_Requirement_
The listing below holds a line with "Antes dessa etapa, a" and a later line with "Lavender jumpsuit featuring". Write out those two lines and every line between them, exactly, and nothing else.

_Data provided_
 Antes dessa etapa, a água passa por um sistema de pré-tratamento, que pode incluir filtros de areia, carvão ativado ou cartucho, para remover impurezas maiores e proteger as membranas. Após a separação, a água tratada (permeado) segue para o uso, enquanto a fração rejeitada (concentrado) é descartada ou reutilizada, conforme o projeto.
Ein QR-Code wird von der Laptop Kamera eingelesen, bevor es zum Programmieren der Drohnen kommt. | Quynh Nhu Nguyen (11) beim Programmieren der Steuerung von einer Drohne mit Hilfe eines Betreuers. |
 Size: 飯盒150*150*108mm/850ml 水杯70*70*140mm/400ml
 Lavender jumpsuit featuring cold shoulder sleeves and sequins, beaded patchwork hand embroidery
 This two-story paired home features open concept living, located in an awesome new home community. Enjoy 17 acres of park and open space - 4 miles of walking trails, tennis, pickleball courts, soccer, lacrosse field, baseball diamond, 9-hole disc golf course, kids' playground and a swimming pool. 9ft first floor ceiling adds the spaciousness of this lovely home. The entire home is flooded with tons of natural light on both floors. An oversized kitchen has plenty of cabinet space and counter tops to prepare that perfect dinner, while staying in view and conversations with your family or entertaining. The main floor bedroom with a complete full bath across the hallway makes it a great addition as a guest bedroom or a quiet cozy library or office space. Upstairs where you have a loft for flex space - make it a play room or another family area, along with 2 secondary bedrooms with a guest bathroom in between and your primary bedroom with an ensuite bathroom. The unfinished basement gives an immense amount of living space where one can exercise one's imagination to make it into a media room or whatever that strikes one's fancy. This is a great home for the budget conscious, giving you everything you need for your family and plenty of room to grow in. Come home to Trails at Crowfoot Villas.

...

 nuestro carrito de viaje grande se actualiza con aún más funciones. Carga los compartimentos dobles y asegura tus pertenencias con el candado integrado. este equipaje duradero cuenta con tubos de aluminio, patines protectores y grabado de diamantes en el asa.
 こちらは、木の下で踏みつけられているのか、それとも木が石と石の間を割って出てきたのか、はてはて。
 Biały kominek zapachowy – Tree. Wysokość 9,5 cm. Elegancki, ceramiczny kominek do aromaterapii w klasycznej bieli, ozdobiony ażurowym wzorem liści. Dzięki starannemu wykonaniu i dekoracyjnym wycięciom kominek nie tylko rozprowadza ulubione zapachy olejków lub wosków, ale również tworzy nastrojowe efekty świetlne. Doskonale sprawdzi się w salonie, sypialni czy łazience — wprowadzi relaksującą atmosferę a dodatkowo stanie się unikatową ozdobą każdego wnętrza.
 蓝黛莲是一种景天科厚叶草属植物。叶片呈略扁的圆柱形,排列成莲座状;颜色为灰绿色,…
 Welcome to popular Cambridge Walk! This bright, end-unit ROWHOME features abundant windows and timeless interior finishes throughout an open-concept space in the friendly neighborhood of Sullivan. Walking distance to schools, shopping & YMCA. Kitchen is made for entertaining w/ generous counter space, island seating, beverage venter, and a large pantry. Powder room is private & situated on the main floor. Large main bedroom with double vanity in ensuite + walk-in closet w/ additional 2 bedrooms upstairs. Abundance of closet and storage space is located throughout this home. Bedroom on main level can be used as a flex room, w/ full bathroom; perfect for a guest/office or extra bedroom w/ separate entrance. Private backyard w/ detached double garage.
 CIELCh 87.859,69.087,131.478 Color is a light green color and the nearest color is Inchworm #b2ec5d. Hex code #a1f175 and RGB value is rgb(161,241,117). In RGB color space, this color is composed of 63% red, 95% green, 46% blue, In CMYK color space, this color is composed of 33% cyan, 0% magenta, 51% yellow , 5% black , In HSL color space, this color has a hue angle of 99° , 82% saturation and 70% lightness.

==

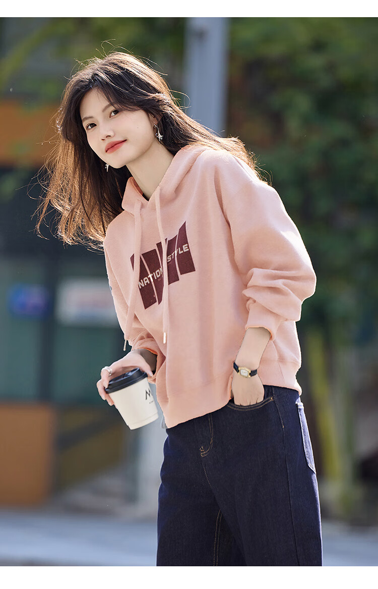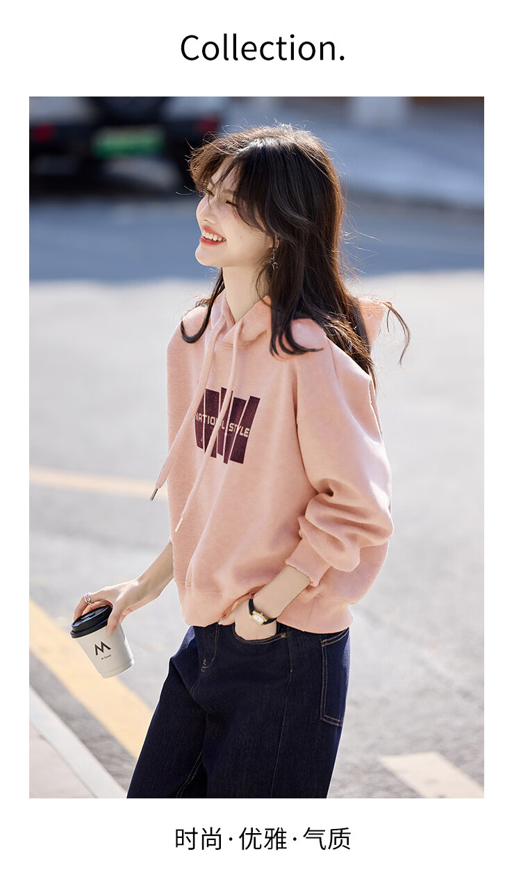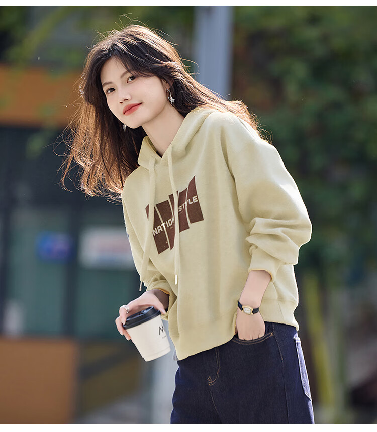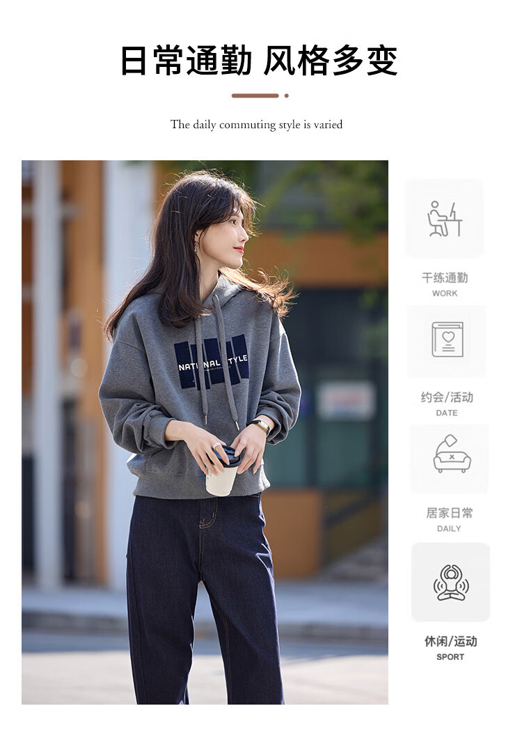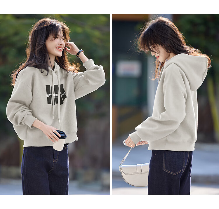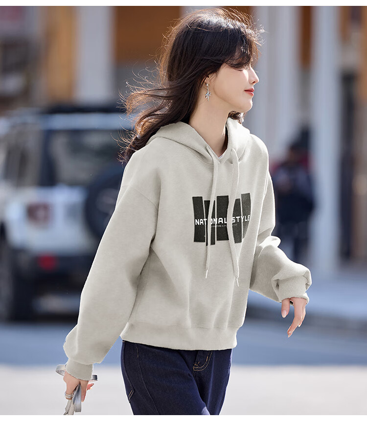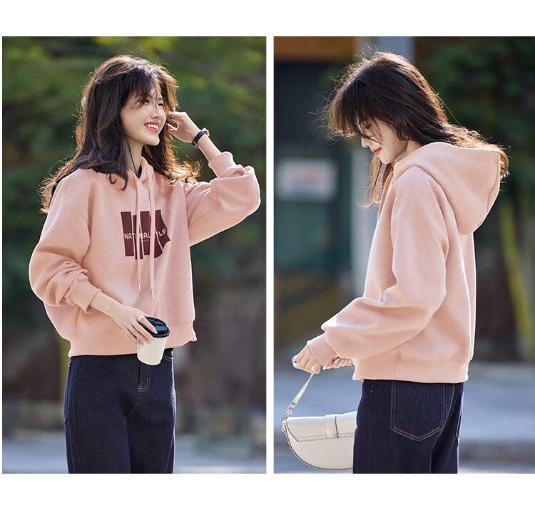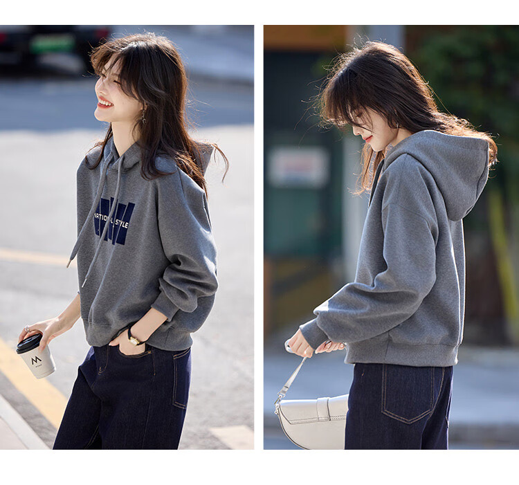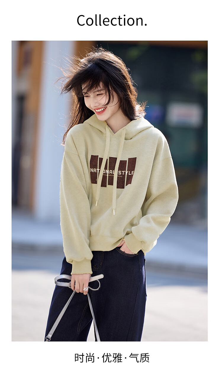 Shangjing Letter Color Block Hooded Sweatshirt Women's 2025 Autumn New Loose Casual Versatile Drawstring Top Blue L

_Response area_
 Antes dessa etapa, a água passa por um sistema de pré-tratamento, que pode incluir filtros de areia, carvão ativado ou cartucho, para remover impurezas maiores e proteger as membranas. Após a separação, a água tratada (permeado) segue para o uso, enquanto a fração rejeitada (concentrado) é descartada ou reutilizada, conforme o projeto.
Ein QR-Code wird von der Laptop Kamera eingelesen, bevor es zum Programmieren der Drohnen kommt. | Quynh Nhu Nguyen (11) beim Programmieren der Steuerung von einer Drohne mit Hilfe eines Betreuers. |
 Size: 飯盒150*150*108mm/850ml 水杯70*70*140mm/400ml
 Lavender jumpsuit featuring cold shoulder sleeves and sequins, beaded patchwork hand embroidery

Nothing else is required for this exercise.